### DESCRIPTION OF THE TASK
Lines from the one with "Stílusos női bokacsizma" up to and including the one with "Đầu tiên là" are to be copied exactly from the records below, without their pictures.

### EXCERPTED RECORDS
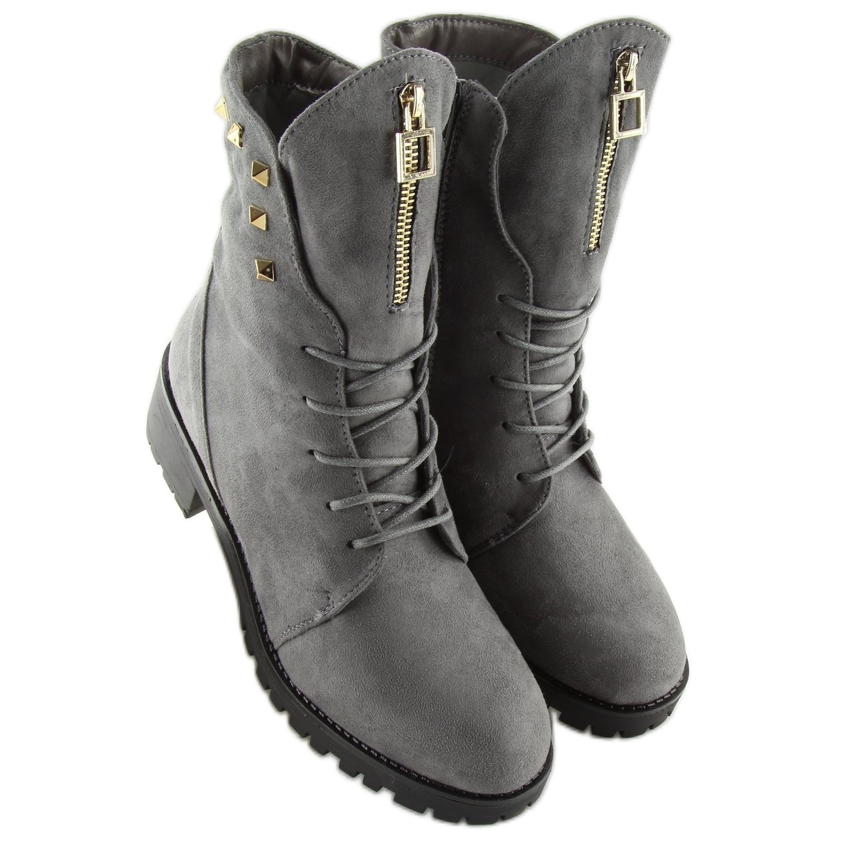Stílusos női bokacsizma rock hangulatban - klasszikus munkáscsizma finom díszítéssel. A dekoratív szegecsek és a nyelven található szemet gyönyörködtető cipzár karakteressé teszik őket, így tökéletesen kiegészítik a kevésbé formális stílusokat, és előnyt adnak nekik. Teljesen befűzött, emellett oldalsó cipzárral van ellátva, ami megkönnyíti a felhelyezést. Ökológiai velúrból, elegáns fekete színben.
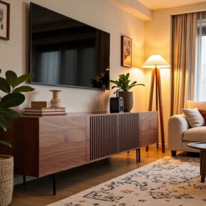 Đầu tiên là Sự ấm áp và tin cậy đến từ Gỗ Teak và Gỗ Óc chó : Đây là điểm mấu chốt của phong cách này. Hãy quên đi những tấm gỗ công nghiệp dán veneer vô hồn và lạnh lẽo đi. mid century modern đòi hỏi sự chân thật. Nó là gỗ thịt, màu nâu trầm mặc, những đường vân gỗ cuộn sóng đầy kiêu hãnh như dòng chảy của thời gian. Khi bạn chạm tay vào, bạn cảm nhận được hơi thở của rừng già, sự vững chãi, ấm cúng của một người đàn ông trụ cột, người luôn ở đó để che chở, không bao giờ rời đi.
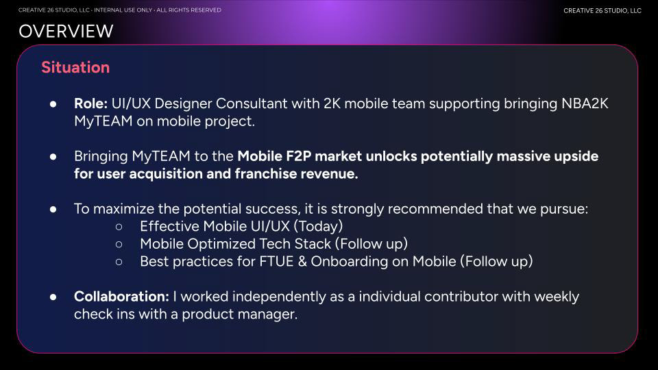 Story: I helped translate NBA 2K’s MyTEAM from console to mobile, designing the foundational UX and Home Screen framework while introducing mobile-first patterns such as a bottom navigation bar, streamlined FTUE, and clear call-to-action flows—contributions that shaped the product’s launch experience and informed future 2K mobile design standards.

==

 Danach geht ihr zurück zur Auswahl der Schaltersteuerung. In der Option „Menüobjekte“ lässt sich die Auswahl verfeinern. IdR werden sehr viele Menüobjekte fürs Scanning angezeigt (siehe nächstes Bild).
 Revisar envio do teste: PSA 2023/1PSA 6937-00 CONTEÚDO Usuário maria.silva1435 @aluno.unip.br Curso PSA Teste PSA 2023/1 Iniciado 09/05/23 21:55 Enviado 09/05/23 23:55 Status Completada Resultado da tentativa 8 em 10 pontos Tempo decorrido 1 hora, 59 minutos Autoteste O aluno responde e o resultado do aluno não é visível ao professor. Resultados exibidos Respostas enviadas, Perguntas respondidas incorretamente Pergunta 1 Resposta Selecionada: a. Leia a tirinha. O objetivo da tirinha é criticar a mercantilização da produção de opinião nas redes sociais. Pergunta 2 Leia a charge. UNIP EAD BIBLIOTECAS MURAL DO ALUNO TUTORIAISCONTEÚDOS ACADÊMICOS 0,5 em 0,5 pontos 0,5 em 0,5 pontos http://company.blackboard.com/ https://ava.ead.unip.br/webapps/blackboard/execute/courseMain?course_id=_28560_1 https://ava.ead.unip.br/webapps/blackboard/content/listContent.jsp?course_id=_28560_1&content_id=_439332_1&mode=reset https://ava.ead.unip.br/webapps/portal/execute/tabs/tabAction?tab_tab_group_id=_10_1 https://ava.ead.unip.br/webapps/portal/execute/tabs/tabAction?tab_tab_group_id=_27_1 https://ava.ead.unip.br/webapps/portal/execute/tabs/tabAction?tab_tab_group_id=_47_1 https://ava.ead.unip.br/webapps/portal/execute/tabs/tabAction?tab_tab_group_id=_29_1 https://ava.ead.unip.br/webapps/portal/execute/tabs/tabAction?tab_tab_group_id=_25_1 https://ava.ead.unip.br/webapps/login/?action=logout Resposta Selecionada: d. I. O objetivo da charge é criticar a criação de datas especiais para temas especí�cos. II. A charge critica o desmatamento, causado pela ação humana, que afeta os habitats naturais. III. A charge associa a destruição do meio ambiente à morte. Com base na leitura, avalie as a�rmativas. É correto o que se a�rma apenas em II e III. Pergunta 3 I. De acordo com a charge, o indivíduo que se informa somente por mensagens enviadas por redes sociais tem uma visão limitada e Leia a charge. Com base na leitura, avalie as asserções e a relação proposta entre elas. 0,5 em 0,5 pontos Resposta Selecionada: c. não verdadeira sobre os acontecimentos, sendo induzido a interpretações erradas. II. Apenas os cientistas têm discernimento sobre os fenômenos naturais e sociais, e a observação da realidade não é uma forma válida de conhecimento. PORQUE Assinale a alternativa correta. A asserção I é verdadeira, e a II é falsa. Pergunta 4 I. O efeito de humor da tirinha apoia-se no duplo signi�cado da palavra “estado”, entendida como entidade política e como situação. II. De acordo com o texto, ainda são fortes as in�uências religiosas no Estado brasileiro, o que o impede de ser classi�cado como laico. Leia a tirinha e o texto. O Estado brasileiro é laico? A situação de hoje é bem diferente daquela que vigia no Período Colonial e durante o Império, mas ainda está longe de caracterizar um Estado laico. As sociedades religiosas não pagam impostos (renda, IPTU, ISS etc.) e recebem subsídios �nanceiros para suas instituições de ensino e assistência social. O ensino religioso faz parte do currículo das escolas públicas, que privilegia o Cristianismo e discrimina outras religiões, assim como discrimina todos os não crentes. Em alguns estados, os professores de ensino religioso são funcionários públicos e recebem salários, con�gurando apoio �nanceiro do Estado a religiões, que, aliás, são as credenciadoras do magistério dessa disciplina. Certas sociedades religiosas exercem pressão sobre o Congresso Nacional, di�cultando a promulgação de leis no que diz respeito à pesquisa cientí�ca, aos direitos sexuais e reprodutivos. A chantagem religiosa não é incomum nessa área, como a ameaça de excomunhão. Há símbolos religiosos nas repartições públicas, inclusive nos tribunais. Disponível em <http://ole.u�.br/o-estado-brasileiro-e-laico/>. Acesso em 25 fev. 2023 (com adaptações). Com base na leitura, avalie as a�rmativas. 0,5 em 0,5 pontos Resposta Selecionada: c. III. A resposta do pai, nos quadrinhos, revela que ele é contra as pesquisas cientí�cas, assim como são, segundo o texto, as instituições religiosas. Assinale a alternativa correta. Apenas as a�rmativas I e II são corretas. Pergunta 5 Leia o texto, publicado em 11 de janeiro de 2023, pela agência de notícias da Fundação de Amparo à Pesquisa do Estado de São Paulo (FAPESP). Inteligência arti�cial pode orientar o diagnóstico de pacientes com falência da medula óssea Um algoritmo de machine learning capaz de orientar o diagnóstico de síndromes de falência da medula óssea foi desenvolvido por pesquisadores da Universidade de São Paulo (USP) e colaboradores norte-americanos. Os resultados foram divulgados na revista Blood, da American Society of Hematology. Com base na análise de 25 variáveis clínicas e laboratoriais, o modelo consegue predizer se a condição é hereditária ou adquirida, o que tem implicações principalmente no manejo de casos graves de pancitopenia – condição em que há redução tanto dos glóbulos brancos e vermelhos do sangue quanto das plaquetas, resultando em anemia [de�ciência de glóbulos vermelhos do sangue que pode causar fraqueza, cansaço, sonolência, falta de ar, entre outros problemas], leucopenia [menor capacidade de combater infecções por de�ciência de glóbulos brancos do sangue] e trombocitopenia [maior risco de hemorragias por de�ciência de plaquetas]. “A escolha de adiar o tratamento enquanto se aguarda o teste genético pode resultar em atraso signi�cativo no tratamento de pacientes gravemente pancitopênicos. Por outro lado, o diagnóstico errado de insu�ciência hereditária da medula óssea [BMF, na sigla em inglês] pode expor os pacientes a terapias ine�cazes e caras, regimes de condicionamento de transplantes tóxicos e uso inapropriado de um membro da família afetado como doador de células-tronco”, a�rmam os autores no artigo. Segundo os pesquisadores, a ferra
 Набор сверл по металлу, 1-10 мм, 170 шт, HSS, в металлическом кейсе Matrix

### RESULT
Stílusos női bokacsizma rock hangulatban - klasszikus munkáscsizma finom díszítéssel. A dekoratív szegecsek és a nyelven található szemet gyönyörködtető cipzár karakteressé teszik őket, így tökéletesen kiegészítik a kevésbé formális stílusokat, és előnyt adnak nekik. Teljesen befűzött, emellett oldalsó cipzárral van ellátva, ami megkönnyíti a felhelyezést. Ökológiai velúrból, elegáns fekete színben.
 Đầu tiên là Sự ấm áp và tin cậy đến từ Gỗ Teak và Gỗ Óc chó : Đây là điểm mấu chốt của phong cách này. Hãy quên đi những tấm gỗ công nghiệp dán veneer vô hồn và lạnh lẽo đi. mid century modern đòi hỏi sự chân thật. Nó là gỗ thịt, màu nâu trầm mặc, những đường vân gỗ cuộn sóng đầy kiêu hãnh như dòng chảy của thời gian. Khi bạn chạm tay vào, bạn cảm nhận được hơi thở của rừng già, sự vững chãi, ấm cúng của một người đàn ông trụ cột, người luôn ở đó để che chở, không bao giờ rời đi.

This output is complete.